**YOUR OBJECTIVE:**
Copy out the whole listing exactly as given. Skip the pictures.

**INFORMATION PROVIDED:**
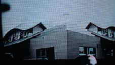 地球庵にあつたようにドームがあつて。ヌメーとしてる大門。初期、若いときの渡辺建築にはヌメーとが無いですけどね。この奥にあるピラミットの形有るじゃないですか、標準住宅というのありましたよねあの形。その奥にあるのが上部が木造の体育館なんだけど、
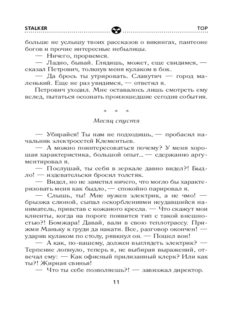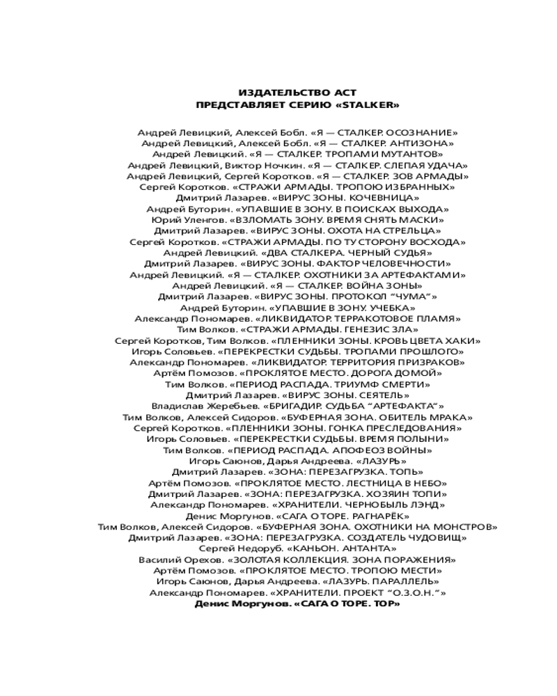 Сага о Торе. ТорВ данный момент этот товар отсутствует в продаже. Возможно, у нас найдется аналогичный или похожий товар здесь. Серия: Stalker Из-за конфликта с местным депутатом жизнь на Большой земле стала небезопасной для Андрея Томашевского. Скрываясь от «братков», посланных разобраться с ним, Андрей обращается к коллеге — к бывалому в прошлом сталкеру Петровичу. Заручившись поддержкой товарища, он проникает в Зону. Андрею предстоит пройти долгий и опасный путь, преодолеть множество испытаний, не раз взглянуть смерти в лицо, вновь встретиться со своими преследователями и в конце концов поставить точку в этой охоте. |
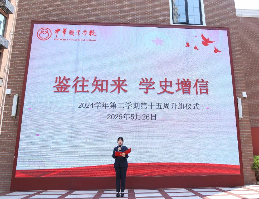 2025年5月26日,中华职业学校举行了以“鉴往知来学史增信”为主题的第15周升旗仪式。共同感悟历史的力量与文化的传承

**EXERCISE ANSWER:**
 地球庵にあつたようにドームがあつて。ヌメーとしてる大門。初期、若いときの渡辺建築にはヌメーとが無いですけどね。この奥にあるピラミットの形有るじゃないですか、標準住宅というのありましたよねあの形。その奥にあるのが上部が木造の体育館なんだけど、
 Сага о Торе. ТорВ данный момент этот товар отсутствует в продаже. Возможно, у нас найдется аналогичный или похожий товар здесь. Серия: Stalker Из-за конфликта с местным депутатом жизнь на Большой земле стала небезопасной для Андрея Томашевского. Скрываясь от «братков», посланных разобраться с ним, Андрей обращается к коллеге — к бывалому в прошлом сталкеру Петровичу. Заручившись поддержкой товарища, он проникает в Зону. Андрею предстоит пройти долгий и опасный путь, преодолеть множество испытаний, не раз взглянуть смерти в лицо, вновь встретиться со своими преследователями и в конце концов поставить точку в этой охоте. |
 2025年5月26日,中华职业学校举行了以“鉴往知来学史增信”为主题的第15周升旗仪式。共同感悟历史的力量与文化的传承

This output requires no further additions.